Exercise description: Write out word for word each line from the one containing "Prodaje se prostran, moderno" through the close of the listing, including both ends. Pictures do not belong in the copy.

Supplied data:

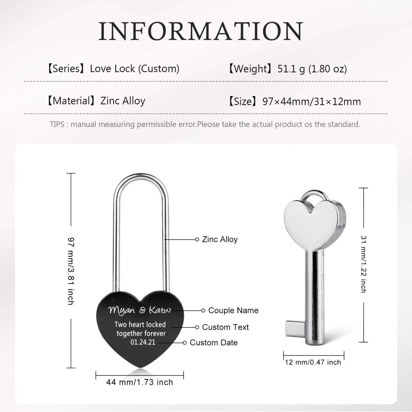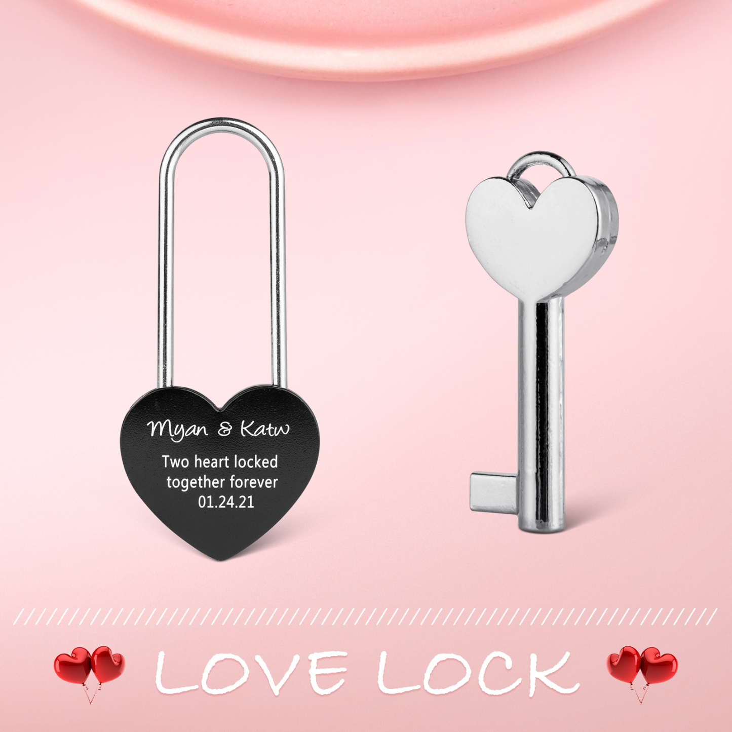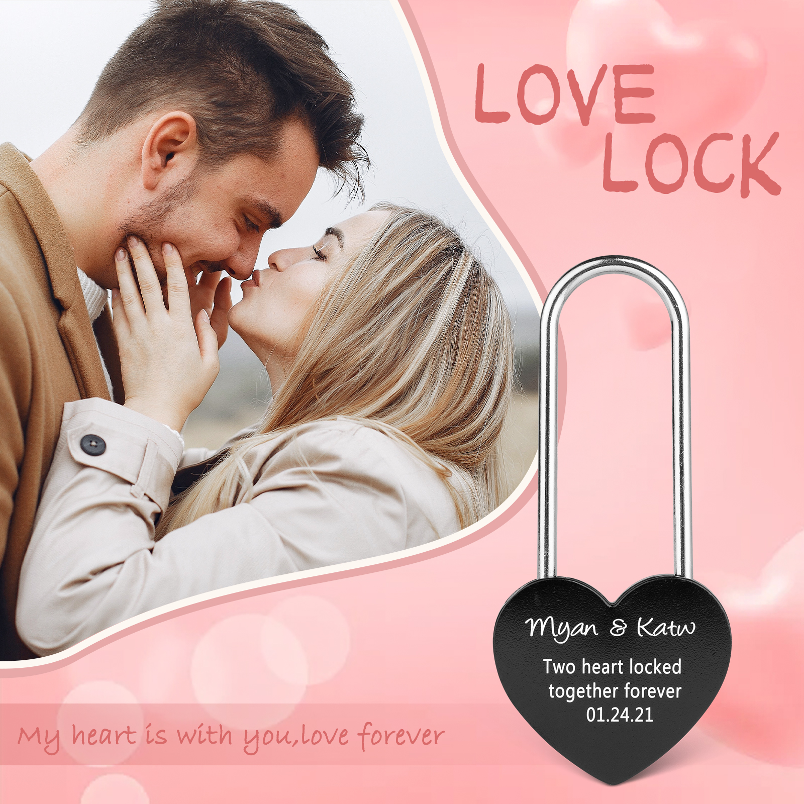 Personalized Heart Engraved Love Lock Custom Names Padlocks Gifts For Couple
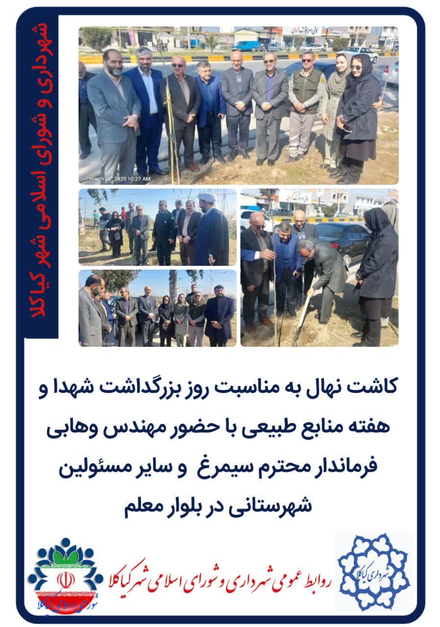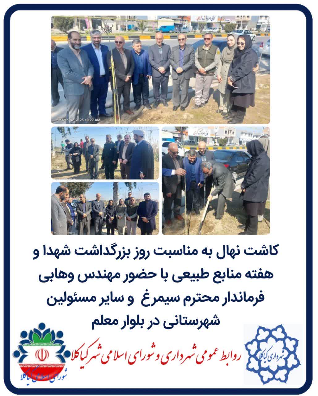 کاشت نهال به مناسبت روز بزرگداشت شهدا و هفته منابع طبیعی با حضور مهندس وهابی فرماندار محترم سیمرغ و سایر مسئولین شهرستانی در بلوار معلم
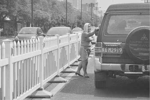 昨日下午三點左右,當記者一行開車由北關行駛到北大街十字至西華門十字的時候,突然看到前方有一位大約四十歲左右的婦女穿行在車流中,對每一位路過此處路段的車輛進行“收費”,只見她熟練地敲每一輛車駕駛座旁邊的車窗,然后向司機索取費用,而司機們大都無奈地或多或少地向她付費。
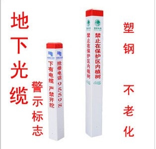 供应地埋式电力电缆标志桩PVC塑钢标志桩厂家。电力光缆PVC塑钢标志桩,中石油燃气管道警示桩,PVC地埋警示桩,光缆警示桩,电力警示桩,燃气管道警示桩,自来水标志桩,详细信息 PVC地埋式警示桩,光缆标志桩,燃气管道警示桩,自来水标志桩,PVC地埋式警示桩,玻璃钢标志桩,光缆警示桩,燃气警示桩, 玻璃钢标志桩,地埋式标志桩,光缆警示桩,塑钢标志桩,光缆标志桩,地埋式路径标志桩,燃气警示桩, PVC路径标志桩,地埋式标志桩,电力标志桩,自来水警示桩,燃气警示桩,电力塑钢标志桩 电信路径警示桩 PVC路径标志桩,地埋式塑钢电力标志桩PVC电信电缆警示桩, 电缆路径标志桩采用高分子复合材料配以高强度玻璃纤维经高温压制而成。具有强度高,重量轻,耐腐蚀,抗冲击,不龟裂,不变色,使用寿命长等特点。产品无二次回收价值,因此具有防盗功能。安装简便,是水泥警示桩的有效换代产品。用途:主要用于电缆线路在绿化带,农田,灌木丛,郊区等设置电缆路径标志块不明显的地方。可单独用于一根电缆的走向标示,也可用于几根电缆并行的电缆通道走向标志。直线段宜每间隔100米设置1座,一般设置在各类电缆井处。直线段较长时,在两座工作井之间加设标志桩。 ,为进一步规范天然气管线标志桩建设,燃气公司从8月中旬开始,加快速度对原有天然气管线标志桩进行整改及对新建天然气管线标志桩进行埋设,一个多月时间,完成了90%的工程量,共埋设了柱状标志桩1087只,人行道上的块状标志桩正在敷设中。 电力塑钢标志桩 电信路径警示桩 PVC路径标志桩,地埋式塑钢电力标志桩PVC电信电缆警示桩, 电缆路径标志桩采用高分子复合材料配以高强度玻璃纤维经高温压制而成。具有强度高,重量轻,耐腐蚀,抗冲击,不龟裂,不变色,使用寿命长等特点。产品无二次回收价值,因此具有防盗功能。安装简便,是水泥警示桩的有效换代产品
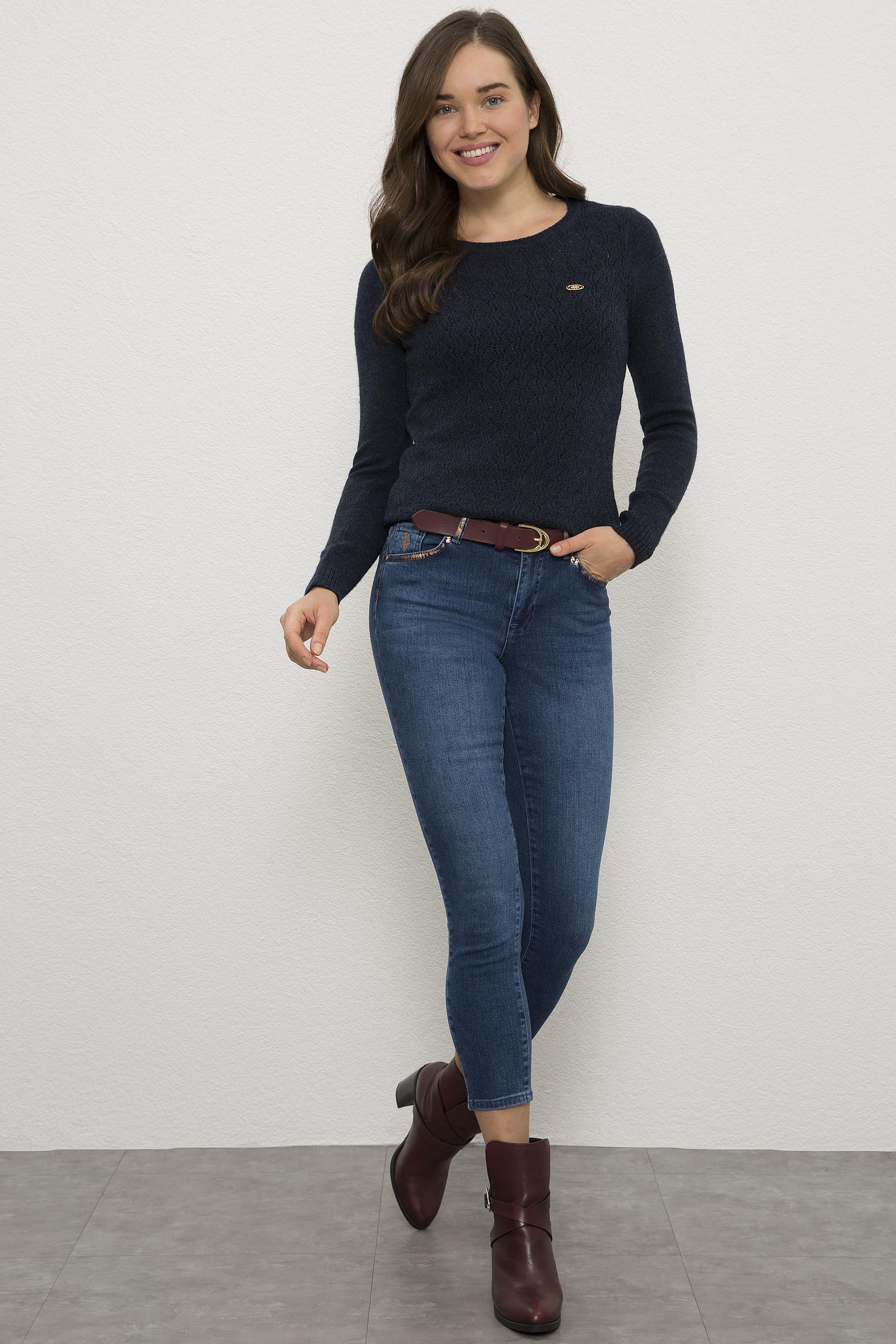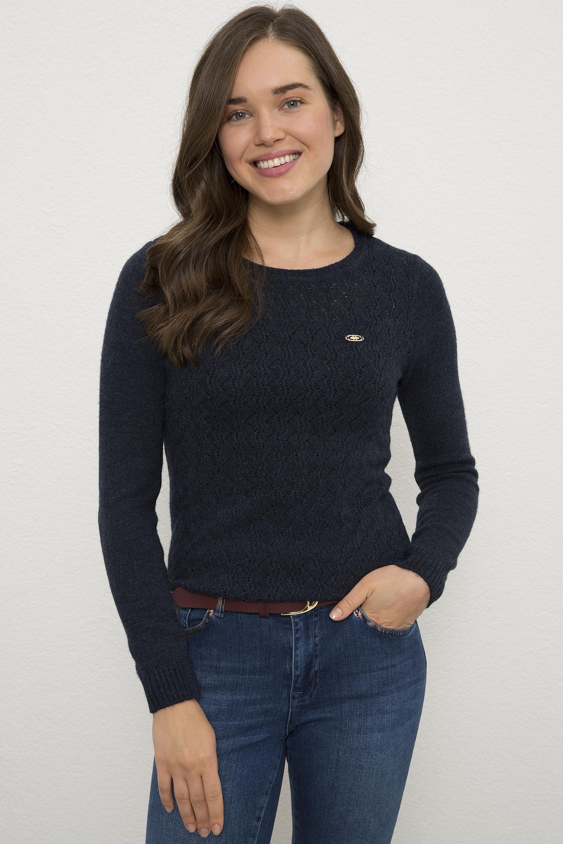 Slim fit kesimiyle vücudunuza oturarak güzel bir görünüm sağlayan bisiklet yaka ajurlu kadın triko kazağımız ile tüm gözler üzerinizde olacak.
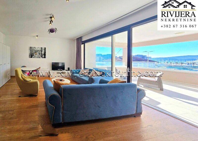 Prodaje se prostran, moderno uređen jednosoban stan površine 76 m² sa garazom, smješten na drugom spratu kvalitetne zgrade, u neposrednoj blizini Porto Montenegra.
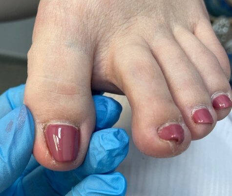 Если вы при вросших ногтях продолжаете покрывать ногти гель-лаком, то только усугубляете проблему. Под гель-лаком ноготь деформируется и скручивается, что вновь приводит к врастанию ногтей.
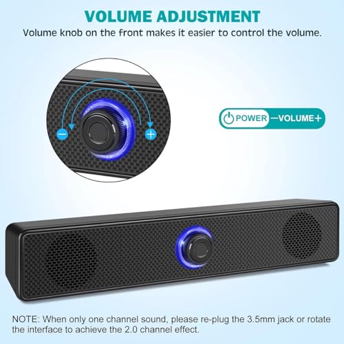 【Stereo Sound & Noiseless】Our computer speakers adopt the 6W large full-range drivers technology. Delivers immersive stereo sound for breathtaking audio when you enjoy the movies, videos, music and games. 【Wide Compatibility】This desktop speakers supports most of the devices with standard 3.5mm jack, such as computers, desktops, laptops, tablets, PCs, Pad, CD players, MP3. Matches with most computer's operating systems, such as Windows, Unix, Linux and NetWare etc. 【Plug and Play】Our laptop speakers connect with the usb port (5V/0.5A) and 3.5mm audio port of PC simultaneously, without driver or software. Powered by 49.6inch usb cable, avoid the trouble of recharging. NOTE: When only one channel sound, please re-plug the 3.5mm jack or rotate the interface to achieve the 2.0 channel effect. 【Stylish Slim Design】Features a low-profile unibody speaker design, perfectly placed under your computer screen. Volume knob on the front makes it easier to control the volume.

Output:
 Prodaje se prostran, moderno uređen jednosoban stan površine 76 m² sa garazom, smješten na drugom spratu kvalitetne zgrade, u neposrednoj blizini Porto Montenegra.
 Если вы при вросших ногтях продолжаете покрывать ногти гель-лаком, то только усугубляете проблему. Под гель-лаком ноготь деформируется и скручивается, что вновь приводит к врастанию ногтей.
 【Stereo Sound & Noiseless】Our computer speakers adopt the 6W large full-range drivers technology. Delivers immersive stereo sound for breathtaking audio when you enjoy the movies, videos, music and games. 【Wide Compatibility】This desktop speakers supports most of the devices with standard 3.5mm jack, such as computers, desktops, laptops, tablets, PCs, Pad, CD players, MP3. Matches with most computer's operating systems, such as Windows, Unix, Linux and NetWare etc. 【Plug and Play】Our laptop speakers connect with the usb port (5V/0.5A) and 3.5mm audio port of PC simultaneously, without driver or software. Powered by 49.6inch usb cable, avoid the trouble of recharging. NOTE: When only one channel sound, please re-plug the 3.5mm jack or rotate the interface to achieve the 2.0 channel effect. 【Stylish Slim Design】Features a low-profile unibody speaker design, perfectly placed under your computer screen. Volume knob on the front makes it easier to control the volume.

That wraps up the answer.